Assessment Opinion

Public Displays of Teacher Effectiveness

By Rachael E. Gabriel & Jessica Lester — December 15, 2010 7 min read

Recently, a New York state court heard arguments around whether or not to publicly release value-added scores of 12,000 New York City teachers. The court hearing came only a few months after the controversial release of Los Angeles teachers’ scores. In late August of 2010, the Los Angeles Times began publishing a series of articles reporting on the quality of teachers and schools in the Los Angeles Unified School District, or LAUSD. In addition to the articles, the paper created a public, online database of individual teacher scores giving readers the power to hunt down “the ineffectives”—those teachers who apparently cause and sustain the achievement gap, many of whom, according to the Los Angeles Times, do so unknowingly. In this series, not only were we introduced to “the ineffectives,” we were also given one of many tools, value-added measurement, or VAM, to root such teachers out, and more easily identify “the miracle workers”—those teachers capable of leading their students to score higher than a statistical model predicted they would.

When we conducted an analysis of the discourse that surrounds this debate, what was most striking was not the fact that the scores were released, but the ways in which language was used to question and/or silence questions about the implications and outcomes of VAM. Though teacher effectiveness seems like a rallying cry the country can unite behind, the shape of the conversations about its measurement threatens to divide us.

See Also

For an opposing view on value-added measurement, see “Value-Added: It’s Not Perfect, But It Makes Sense,” (December 15, 2010).

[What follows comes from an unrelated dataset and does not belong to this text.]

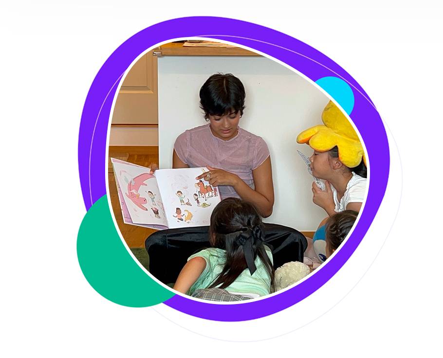 英語の絵本や物語を通して、読む力と考える力を育てるクラスです。登場人物の気持ちやストーリーを英語で感じながら、自分の言葉で意見や感想を伝える活動を行います。物語の世界を通じて、英語で考える力を伸ばします。
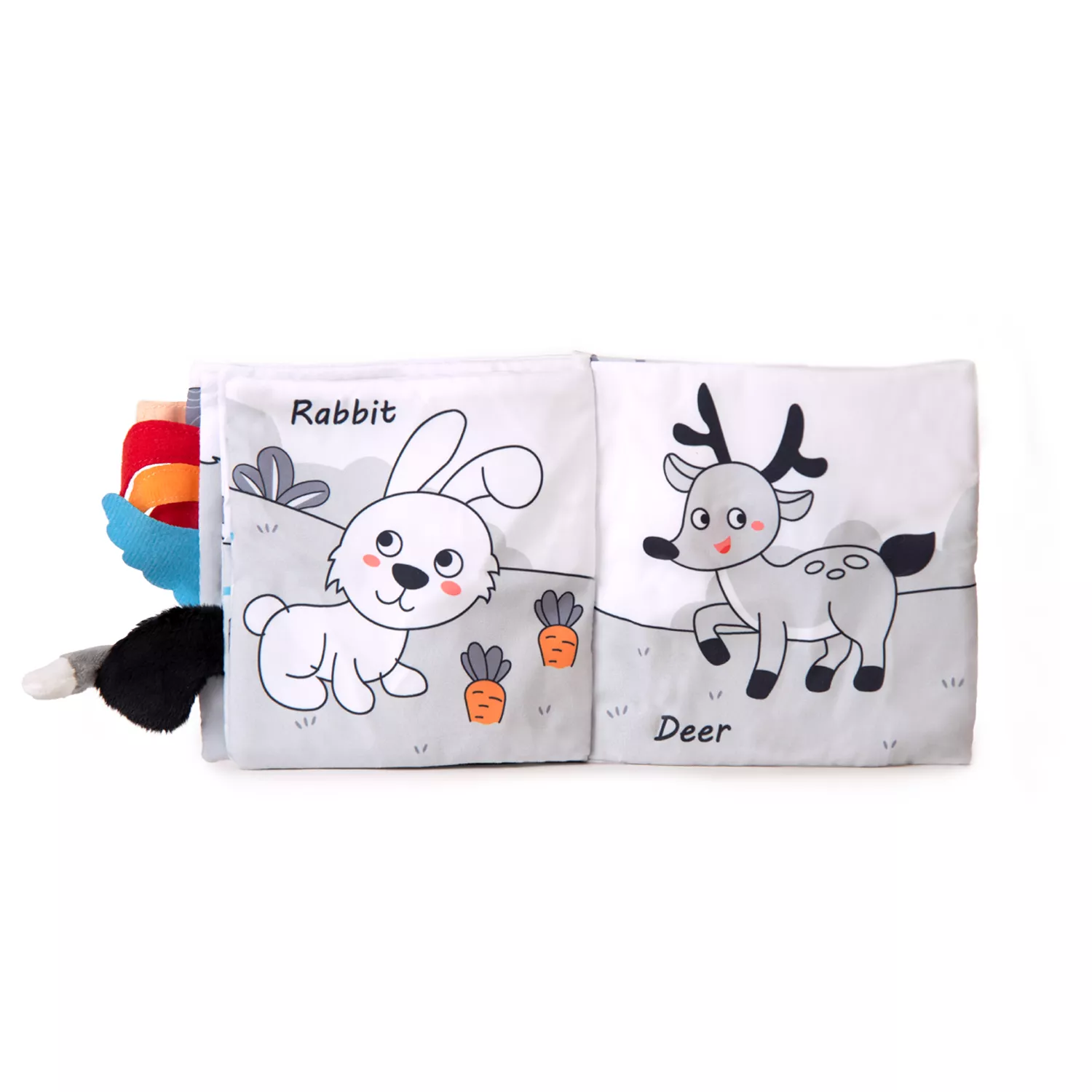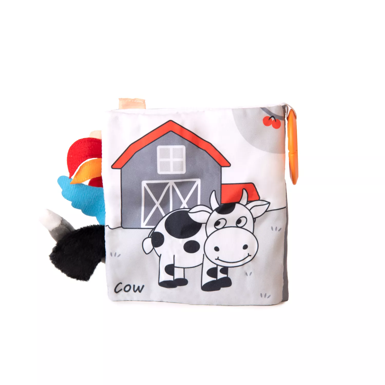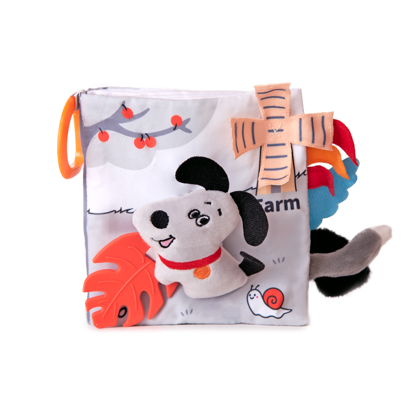 Книжката включва и релефен гризалка аксесоар, който подпомага облекчаването на венците при никнене на зъбки. Благодарение на практичната халка, може лесно да се закачи за количка, столче за кола или легло, така че да е винаги под ръка.

When the Los Angeles Times published this series, the newspaper got what it wished for—a nationwide ripple effect—a discourse dispersed in talk and text that simplified and glorified the implications of a useful but not all-powerful tool. Throughout the series, the newspaper set up teachers as either one thing or another: effective or ineffective, good or bad, a detriment or a savior. With McCarthy-era tactics, the paper’s series flooded us with profiles of extreme-case formulations—examples so good, bad, or surprising that they almost seduced us into believing that “ineffectiveness” could be lurking anywhere, unbeknownst even to the teacher himself or herself, regardless of certification, reputation, or experience.

The Times forgot to share what those who study teacher effectiveness have been arguing for the last decade: Effectiveness is not a monolithic thing, but rather teachers are more or less effective across different subjects, students, and circumstances. So far, conversations about value-added measurement seem to use language in ways that present a single view of teaching and position teacher effectiveness as something static that can be estimated by a single statistic. Those who believe teacher effectiveness is flexible across subjects, students, and varying demands do not suggest that all teachers are good at something—some aren’t—but rather that the complexity of roles and expectations for teachers requires them to have a dynamic profile of effectiveness. Those who talk about VAM, as if it were both the crystal ball and the Holy Grail for education reform, would love for us to believe otherwise.

While it may seem that this debate is new news, in 2009, months before VAM was twinkling over the Los Angeles Times’ presses, several issues of Educational Researcher, the pre-eminent education research journal, were devoted to articles that outlined the complexity of identifying, let alone measuring, effectiveness in teaching. Six years earlier, the Journal of Educational and Behavioral Statistics published a special issue focusing exclusively on VAM. The overall conclusion of the editors was that VAM was valid only for school-level, not classroom-level, comparisons. Ironically, concerns around the reliability of value-added measurement are no longer central to the debate about publicly releasing individual teachers’ scores. Instead, its validity is most often called into question for the reason summed up by Charles G. Moerdler, a lawyer for the American Federation of Teachers, in a recent New York Times news article. “The information has no critical basis other than to facilitate a libel,” he said. “If it’s garbage in, it’s garbage out. Just because it’s a number, it doesn’t mean it’s suddenly objective.”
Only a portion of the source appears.